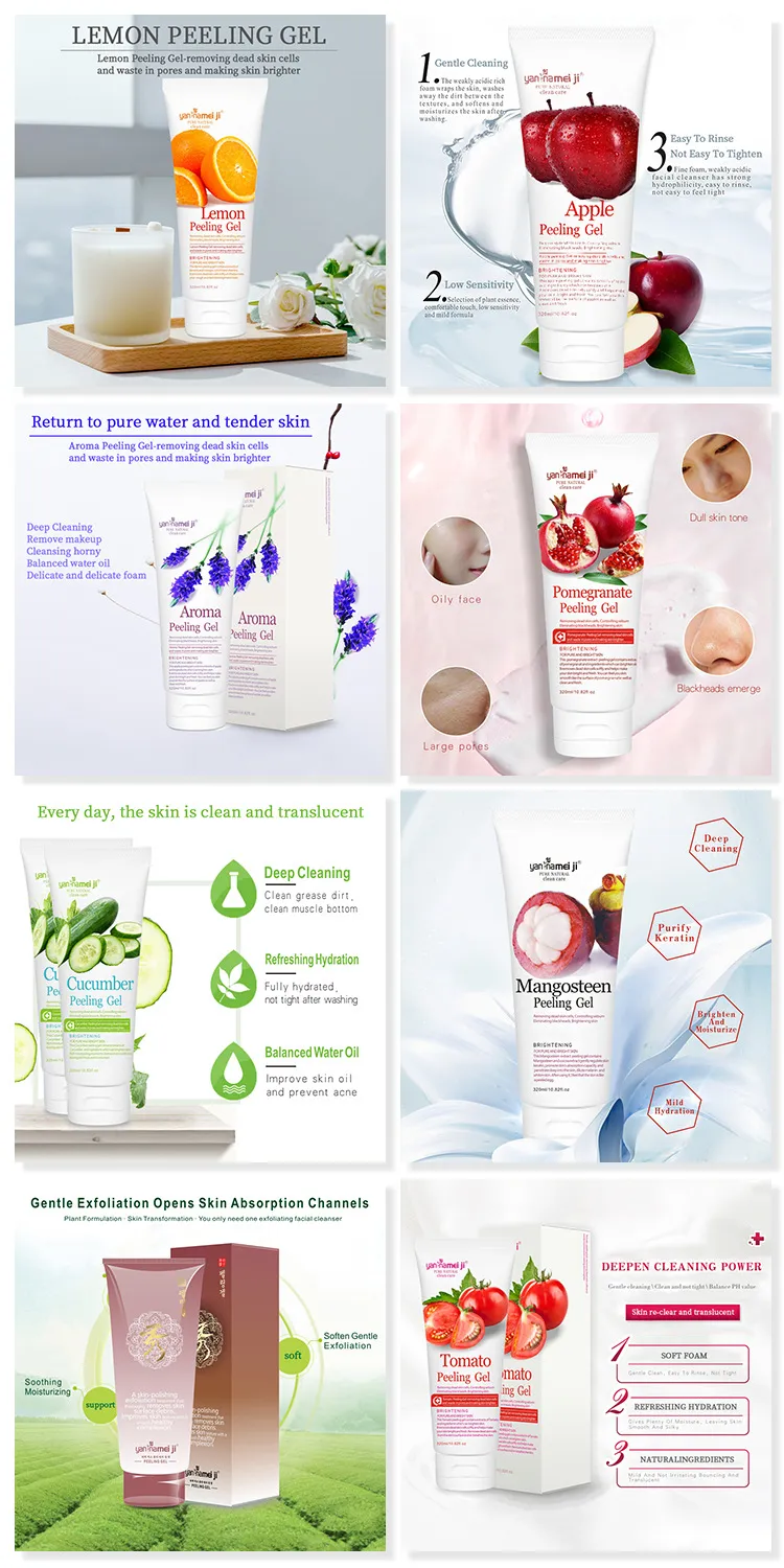 Exfoliating gels are available in seven different flavors: apple, pomegranate, cucumber, lemon, mangosteen, tomato, and aromatic.
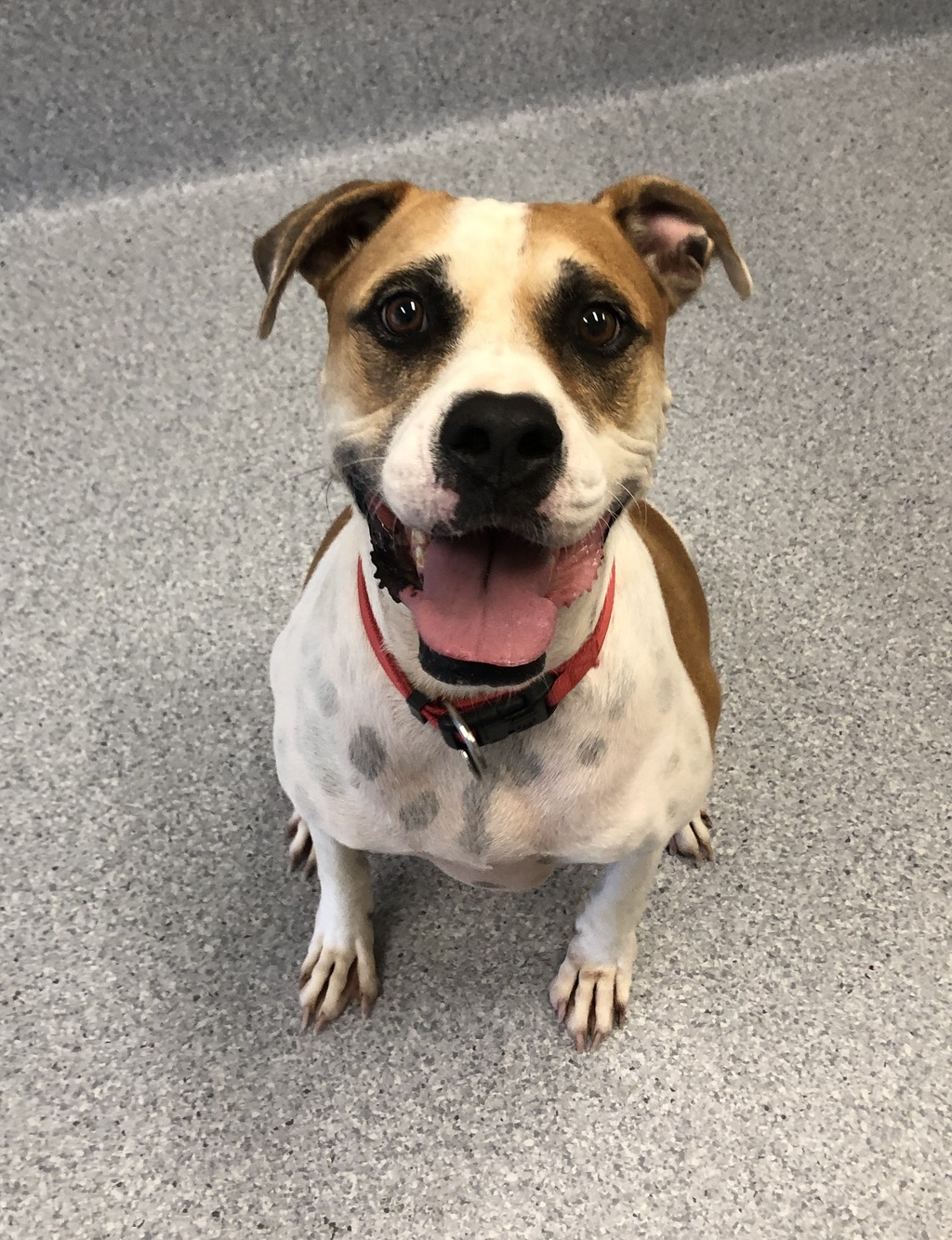 I'm extremely affectionate and love to cuddle and give big slobbery kisses. I'm a big girl, so more of me to love! I'm just looking for a laid back lifestyle with some people who can take me on walks.
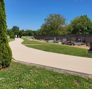 Nous proposons aménagement, entretien et désherbage écologique des allées de cimetière, ainsi que dallage en béton drainant.
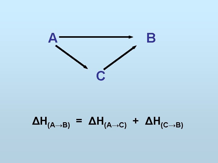 I. termochemický zákon Reakční teplo dané reakce a reakční teplo téže reakce, probíhající za stejných podmínek opačným směrem, je až na znaménko stejné: ΔH(A→B) = - ΔH(B→A)

▬▬▬

Please set down each line of the listing above word for word, skipping any pictures.

 Exfoliating gels are available in seven different flavors: apple, pomegranate, cucumber, lemon, mangosteen, tomato, and aromatic.
 I'm extremely affectionate and love to cuddle and give big slobbery kisses. I'm a big girl, so more of me to love! I'm just looking for a laid back lifestyle with some people who can take me on walks.
 Nous proposons aménagement, entretien et désherbage écologique des allées de cimetière, ainsi que dallage en béton drainant.
 I. termochemický zákon Reakční teplo dané reakce a reakční teplo téže reakce, probíhající za stejných podmínek opačným směrem, je až na znaménko stejné: ΔH(A→B) = - ΔH(B→A)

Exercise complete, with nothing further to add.